Try it = The answer must consist solely of the lines from the opening line of the entries through the line with "Zongora stílusú kitartó", transcribed exactly and without any pictures.

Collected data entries
......

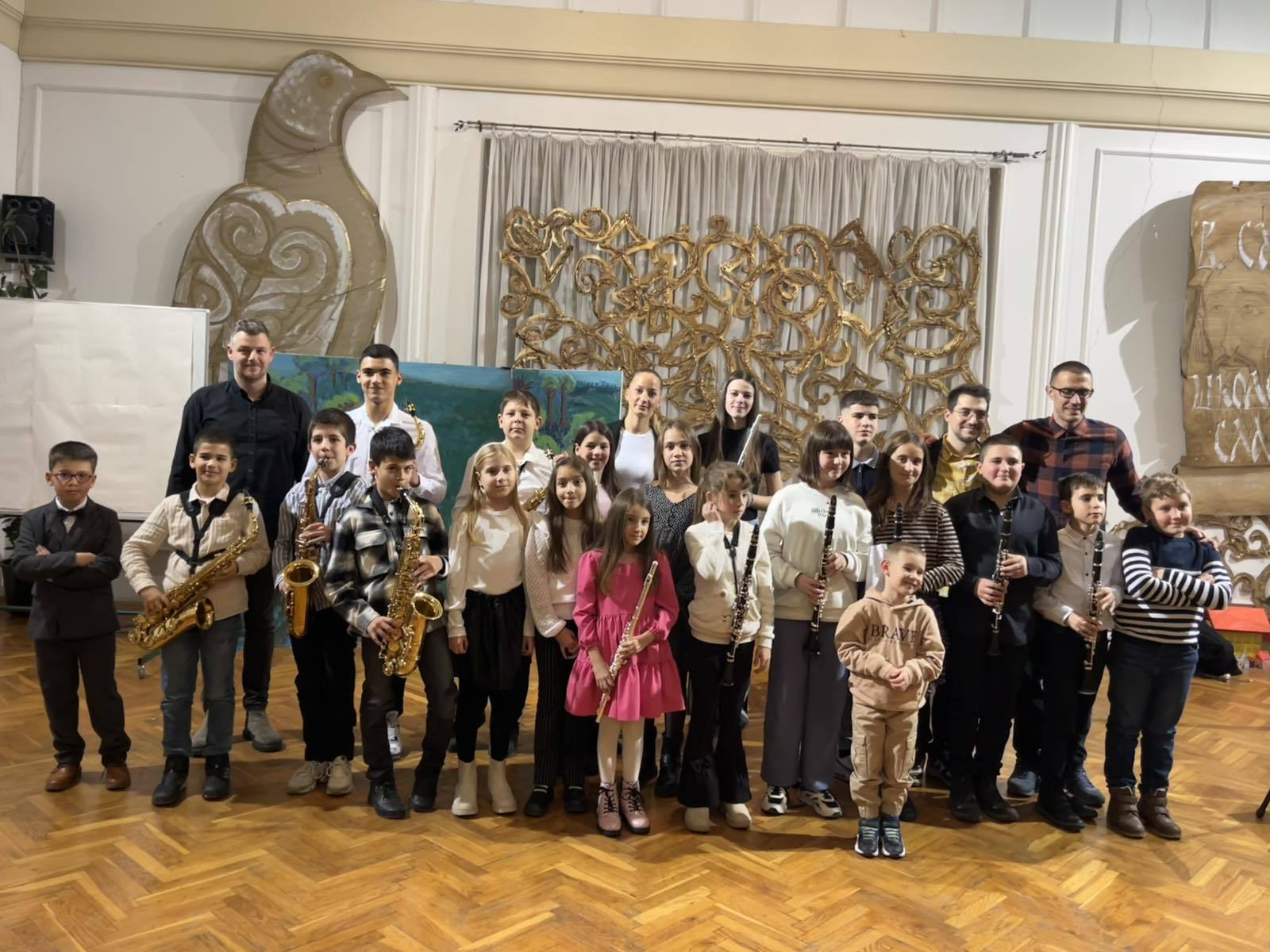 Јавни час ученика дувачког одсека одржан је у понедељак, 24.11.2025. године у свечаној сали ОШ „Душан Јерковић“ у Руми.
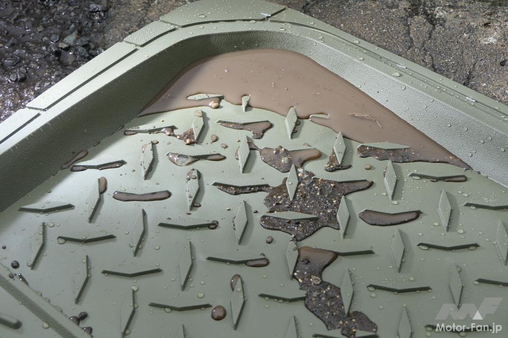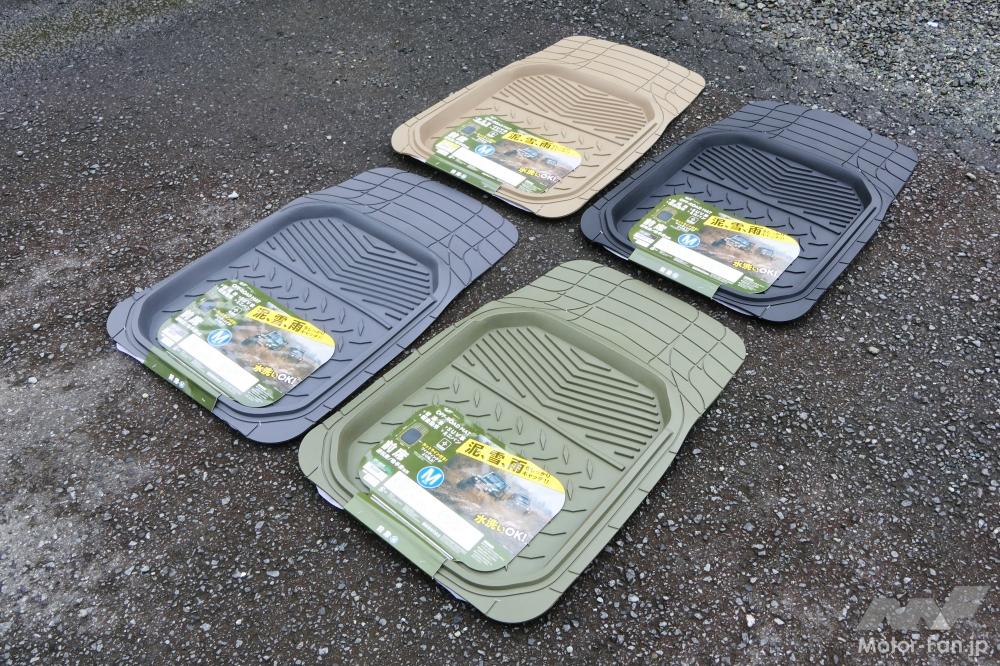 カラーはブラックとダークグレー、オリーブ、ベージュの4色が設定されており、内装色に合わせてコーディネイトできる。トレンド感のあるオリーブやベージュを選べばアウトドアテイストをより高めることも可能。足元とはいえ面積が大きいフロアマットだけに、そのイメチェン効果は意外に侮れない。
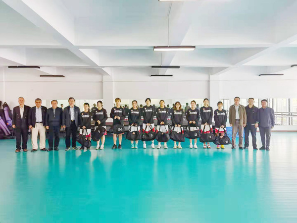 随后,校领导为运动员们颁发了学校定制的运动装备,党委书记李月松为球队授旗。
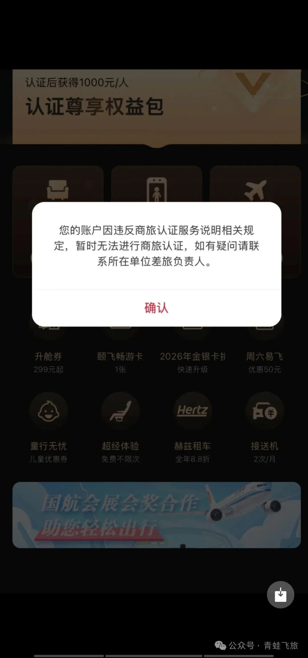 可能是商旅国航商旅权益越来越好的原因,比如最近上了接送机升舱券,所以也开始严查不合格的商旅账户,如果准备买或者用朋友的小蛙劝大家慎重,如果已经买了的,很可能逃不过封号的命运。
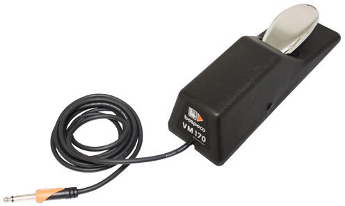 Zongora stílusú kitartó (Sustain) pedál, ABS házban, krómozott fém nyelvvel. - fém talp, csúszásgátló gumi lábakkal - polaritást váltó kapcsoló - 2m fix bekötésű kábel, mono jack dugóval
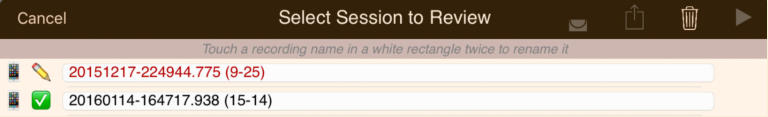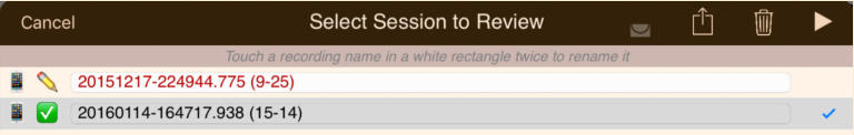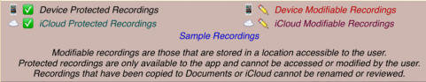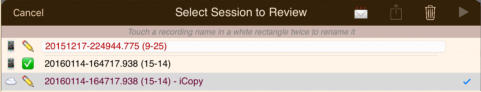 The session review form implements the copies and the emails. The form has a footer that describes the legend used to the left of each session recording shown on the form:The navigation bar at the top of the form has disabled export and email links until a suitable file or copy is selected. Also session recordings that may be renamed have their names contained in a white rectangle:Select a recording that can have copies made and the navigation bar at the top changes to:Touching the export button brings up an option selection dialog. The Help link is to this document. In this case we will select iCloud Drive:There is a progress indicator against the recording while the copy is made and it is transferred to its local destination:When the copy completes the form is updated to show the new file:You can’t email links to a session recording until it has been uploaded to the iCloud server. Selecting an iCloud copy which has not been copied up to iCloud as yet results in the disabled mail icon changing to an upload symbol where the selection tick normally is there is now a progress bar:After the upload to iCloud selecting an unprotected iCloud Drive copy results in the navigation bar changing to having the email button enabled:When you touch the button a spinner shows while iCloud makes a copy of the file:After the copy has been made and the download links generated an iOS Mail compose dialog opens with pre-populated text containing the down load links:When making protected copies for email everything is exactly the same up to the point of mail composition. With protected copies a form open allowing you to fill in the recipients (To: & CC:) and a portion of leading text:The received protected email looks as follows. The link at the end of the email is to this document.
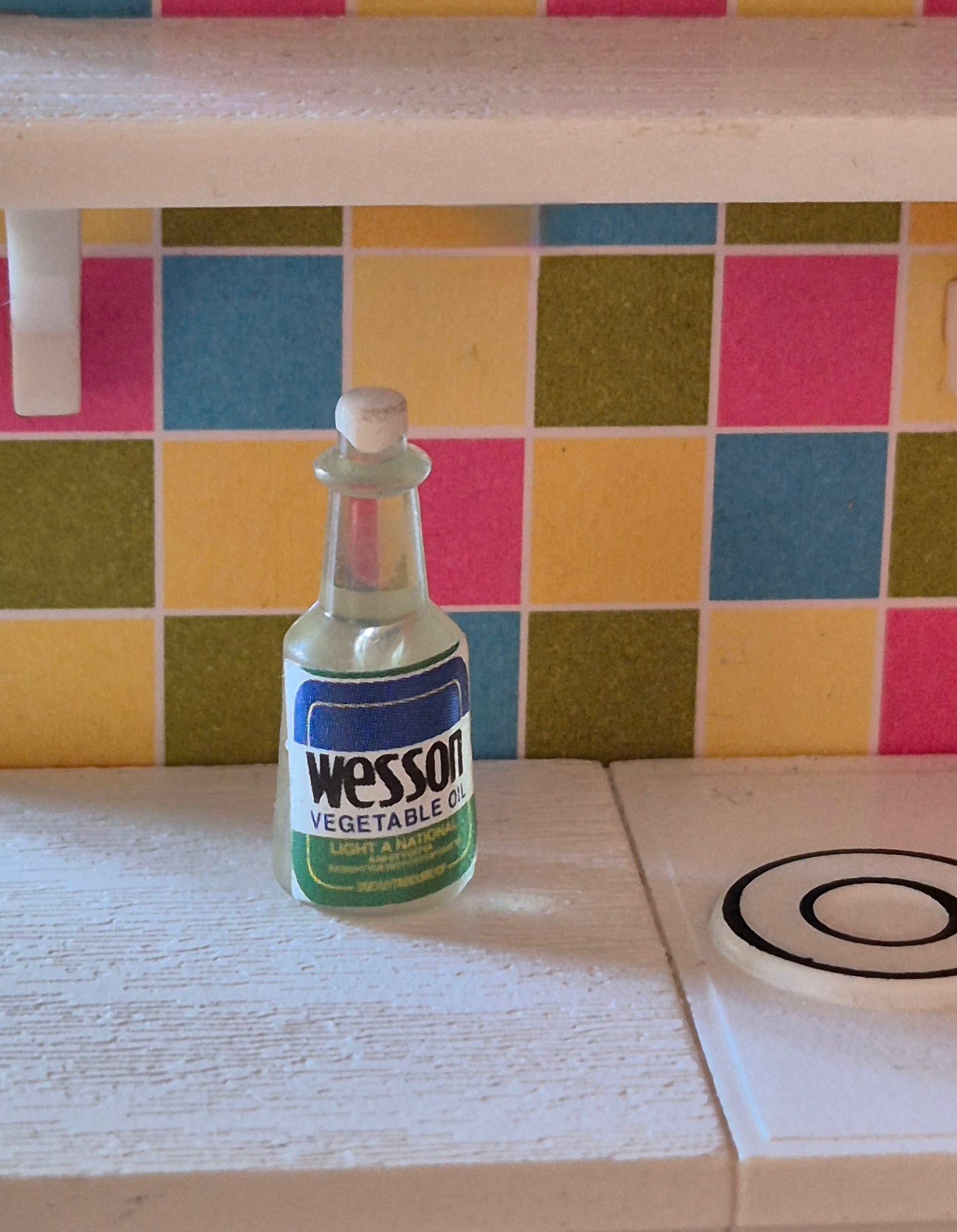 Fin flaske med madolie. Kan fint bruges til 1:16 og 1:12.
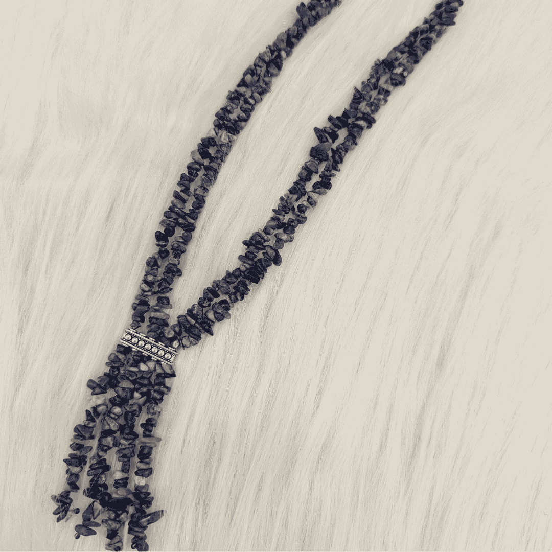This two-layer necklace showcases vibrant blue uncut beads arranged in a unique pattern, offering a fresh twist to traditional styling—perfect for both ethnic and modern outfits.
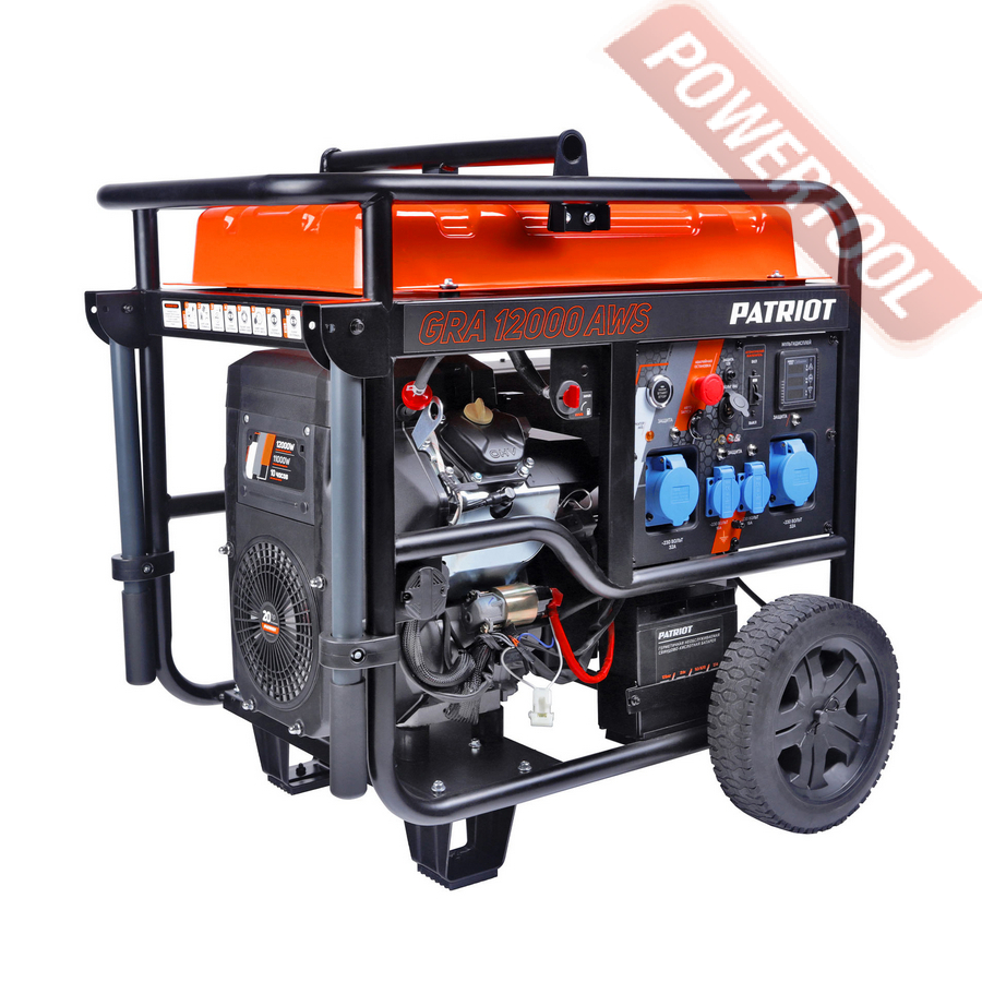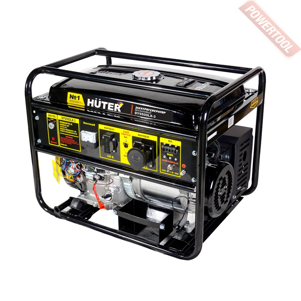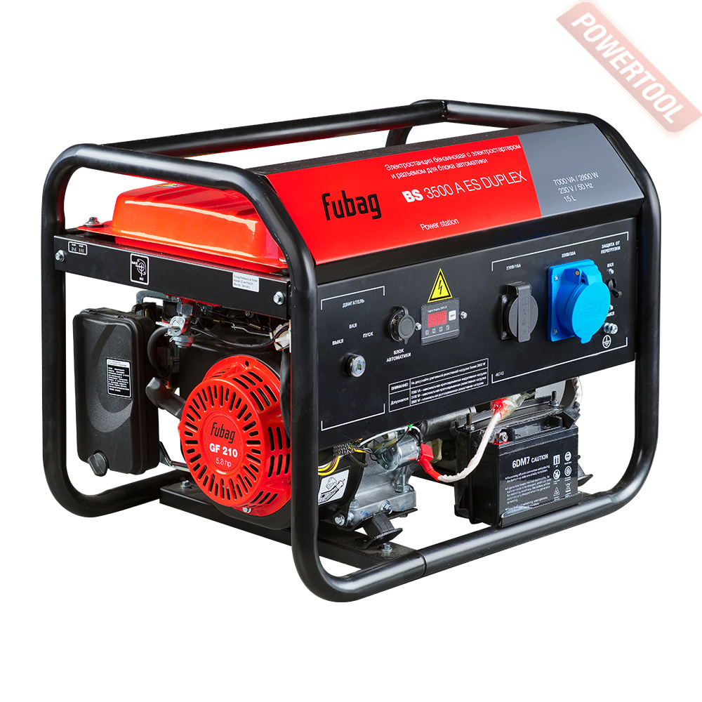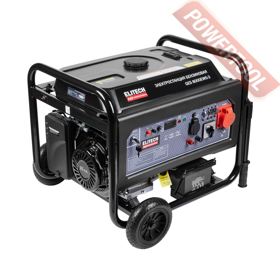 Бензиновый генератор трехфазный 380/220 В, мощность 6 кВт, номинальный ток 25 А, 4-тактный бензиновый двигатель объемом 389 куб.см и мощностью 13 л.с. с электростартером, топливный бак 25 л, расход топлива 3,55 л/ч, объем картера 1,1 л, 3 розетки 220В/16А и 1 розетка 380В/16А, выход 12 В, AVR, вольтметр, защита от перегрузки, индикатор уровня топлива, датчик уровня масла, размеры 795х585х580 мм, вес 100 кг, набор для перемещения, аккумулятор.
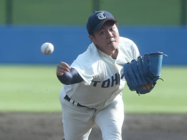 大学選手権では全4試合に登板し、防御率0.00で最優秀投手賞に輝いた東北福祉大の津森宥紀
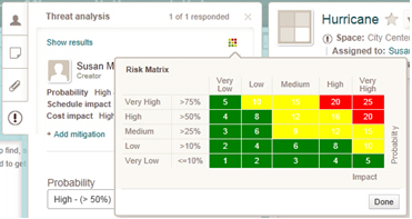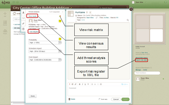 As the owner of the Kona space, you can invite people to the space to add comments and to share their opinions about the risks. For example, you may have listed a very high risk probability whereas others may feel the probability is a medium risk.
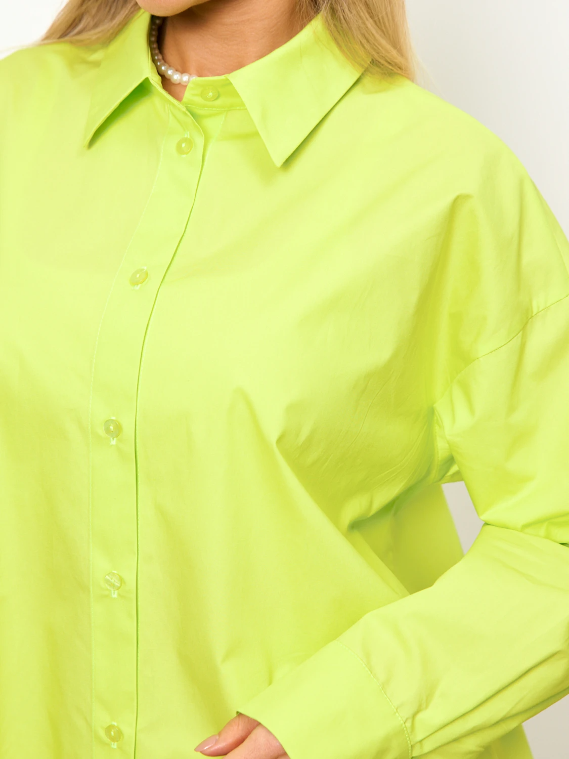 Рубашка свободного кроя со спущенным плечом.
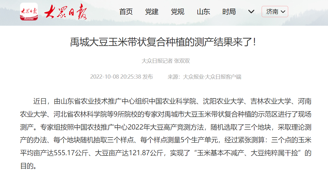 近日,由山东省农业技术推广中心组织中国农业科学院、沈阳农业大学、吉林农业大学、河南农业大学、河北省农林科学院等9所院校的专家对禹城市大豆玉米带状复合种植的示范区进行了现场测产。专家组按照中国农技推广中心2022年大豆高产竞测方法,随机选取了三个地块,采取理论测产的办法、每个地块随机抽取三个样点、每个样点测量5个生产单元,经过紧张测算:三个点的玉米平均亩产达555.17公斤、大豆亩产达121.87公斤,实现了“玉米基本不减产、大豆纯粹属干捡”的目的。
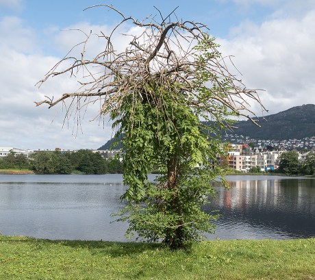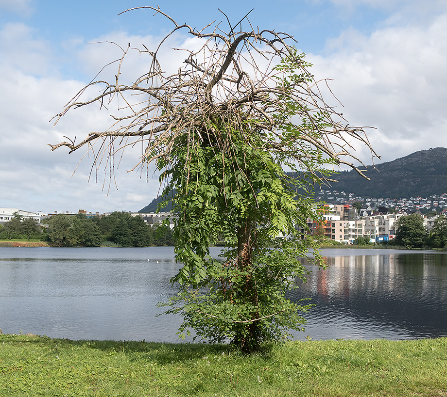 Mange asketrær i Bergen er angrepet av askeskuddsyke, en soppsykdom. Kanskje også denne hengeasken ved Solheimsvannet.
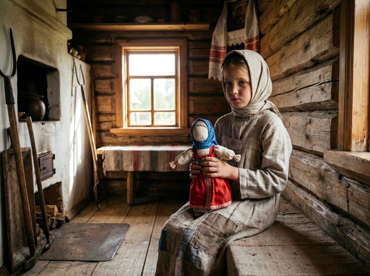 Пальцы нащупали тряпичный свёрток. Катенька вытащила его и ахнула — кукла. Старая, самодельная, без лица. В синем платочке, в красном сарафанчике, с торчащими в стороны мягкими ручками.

......

Result for this task =
 Јавни час ученика дувачког одсека одржан је у понедељак, 24.11.2025. године у свечаној сали ОШ „Душан Јерковић“ у Руми.
 カラーはブラックとダークグレー、オリーブ、ベージュの4色が設定されており、内装色に合わせてコーディネイトできる。トレンド感のあるオリーブやベージュを選べばアウトドアテイストをより高めることも可能。足元とはいえ面積が大きいフロアマットだけに、そのイメチェン効果は意外に侮れない。
 随后,校领导为运动员们颁发了学校定制的运动装备,党委书记李月松为球队授旗。
 可能是商旅国航商旅权益越来越好的原因,比如最近上了接送机升舱券,所以也开始严查不合格的商旅账户,如果准备买或者用朋友的小蛙劝大家慎重,如果已经买了的,很可能逃不过封号的命运。
 Zongora stílusú kitartó (Sustain) pedál, ABS házban, krómozott fém nyelvvel. - fém talp, csúszásgátló gumi lábakkal - polaritást váltó kapcsoló - 2m fix bekötésű kábel, mono jack dugóval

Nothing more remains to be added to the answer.